Wednesday, December 29, 2010

The 99 Week Dilemma


With the recent passage by the United States Congress to extend the availability of 99 weeks of unemployment insurance for an additional 18 months a unique question arises, "Does longer term unemployment benefits affect migration flows?"

From a humanitarian aspect I am a supporter of unemployment insurance. For intervals of somewhere between ninety days and six months, unemployment insurance is an important facet of civilized society. Unemployment insurance reduces the inflammation of societal unrest and generally provides a much needed safety net for not only the unemployed individual and his or her direct creditors, but his or her community as well.

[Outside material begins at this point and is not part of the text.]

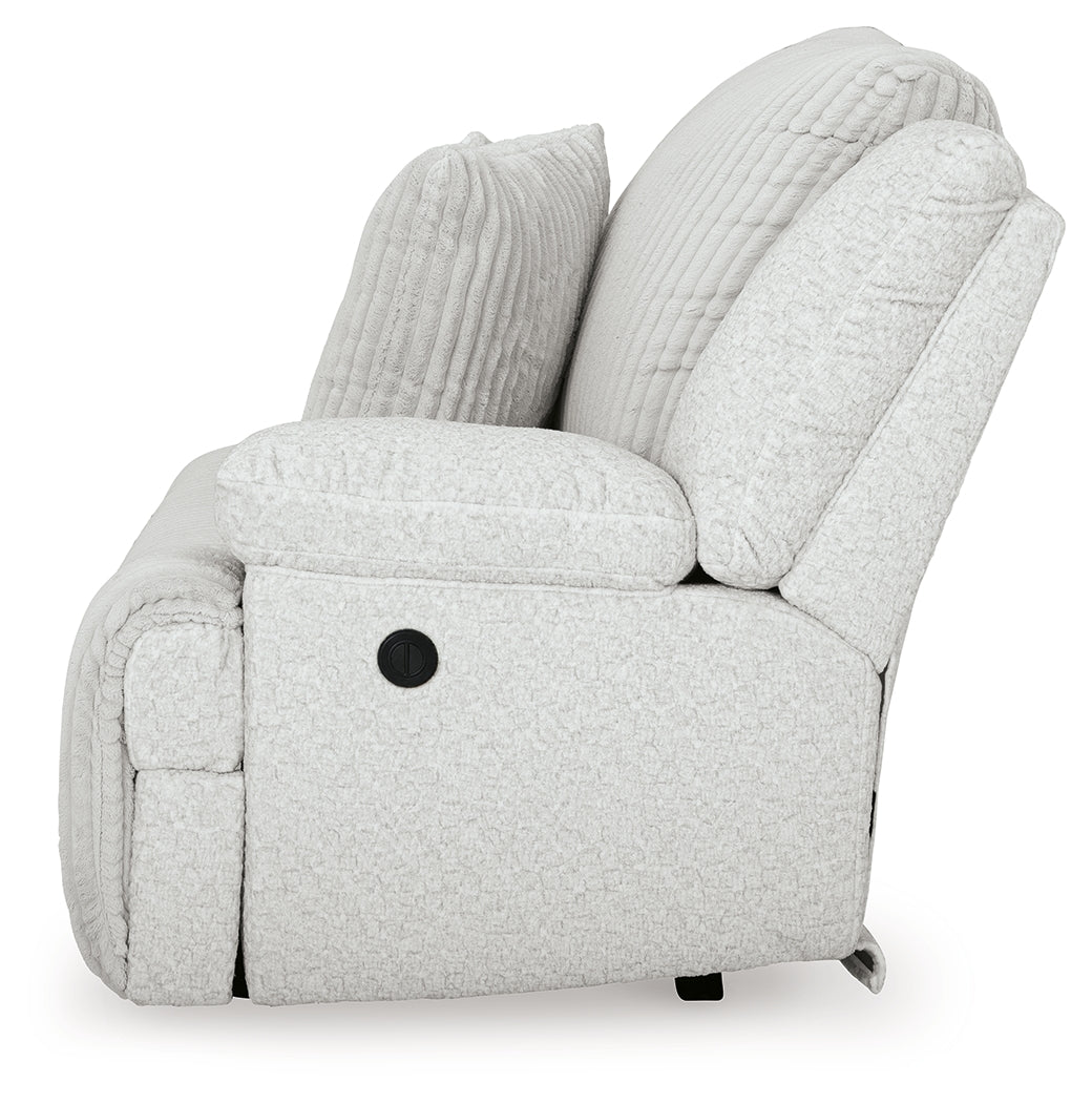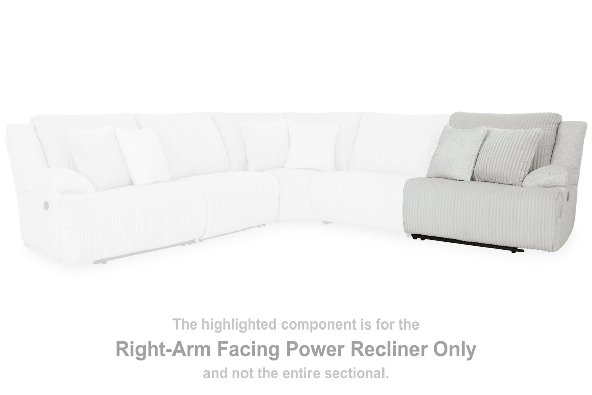 This right-arm facing power recliner is made with polyester upholstery. Pairs with other items in the series to make a sectional.

That said, is long term unemployment insurance creating distortions in the labor market?

Here is the rub: Joe loses his job in California where he lives with his family. His children are in school, his mother works in town and all his brothers and sisters are nearby. It is a perfect situation, well at least until the factory closed last week. Now, Joe really needs, and in fact wants, to get back to work. The problem is that the town has been hard hit and jobs like his just aren't available. What does Joe do?

Well, assuming unemployment benefits are a "necessary" safety net, meaning Joe doesn't have adequate savings to wait for employment, Joe would certainly be forced to move if no benefits were available. As a national average, despite recent trends indicating the savings rate of Americans is on the rise (over 7% at last reporting), Americans are ninety days from being broke. This means that if our Joe is in fact an "average Joe," he has ninety days to replace his paycheck or face a dire circumstance.

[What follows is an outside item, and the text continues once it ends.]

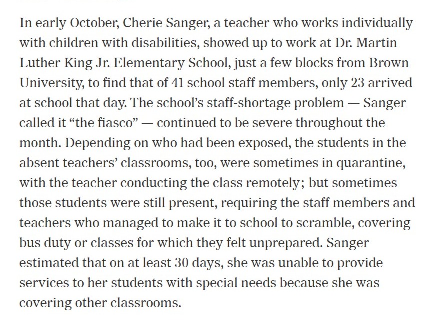 Dominus: I focused on Providence, where the school year was extremely challenging and there were a lot of disruptions because of quarantines. The case numbers were high in the community, which meant that cases were also inevitably cropping up in the schools, and that also created a lot of stress. Contact tracing was overwhelmed, so it was hard for people to know the origins of the COVID-positive cases, but there was no report (from the union, at least) of in-class super-spreading events, and by the end of January, many of the teachers I spoke to, and one union representative, said that staffing, more than safety, felt like the real issue.

With the extension of unemployment benefits, workers are given a longer period to replace employment. With ninety-nine weeks of benefits and ninety days of savings, the unemployed are given the option to "wait and see." The drastic, life altering, option of uprooting oneself and leaving family behind, becomes a more distant last resort. While quite understandable, is this behavior causing market distortions in the National labor market?

Currently the Midwest, meaning Nebraska, Iowa, South Dakota, North Dakota, Kansas, Oklahoma all have unemployment ranges far below the National Average. That said, California, Nevada, Arizona, Florida are well above the National Average. Also, these relative levels have remained since the first of signs of the Great Recession in 2008 three years prior. With the current era's speed of travel and the ability of job seekers to connect with prospective employers in an instant through the Internet, why is it taking so long for people to move to more favorable job markets?

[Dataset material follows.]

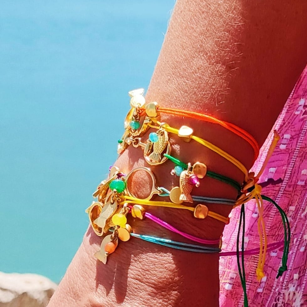 Pulseras bicolor con aro y pez con baño de oro y agatas de colores

Desirability ? Inability to sell one's house? Familial roots? Perceived standard of living? Regardless of the validity of one or all of these reasons- all of them are luxuries. Starvation, homelessness and inability to provide the basic necessities certainly would trump them. During the Reconstruction Era Depression or the Dust Bowl Americans migrated far and wide to search out opportunities for work. Even in more recent recessions such as the energy crisis of the 1970's, I had the personal experience of watching my father move away to find work leaving my working mother behind to care for me while he settled into a more prosperous region. Labor moved to meet capital. The rebuilding process inert in capitalism's cycle of life thus began again.

While I am not selling one that capitalism is the paramount economic system, nor am I suggesting that providing those without isn't noble- I am merely asking whether in a capitalistic system prolonged benefits are distorting the natural reallocation of labor and capital? If the answer is yes, the more important question is: Whether the prolonged benefits will in fact work in putting Americans to work in their hometowns or whether in the end the invisible hand will force these individuals to move regardless?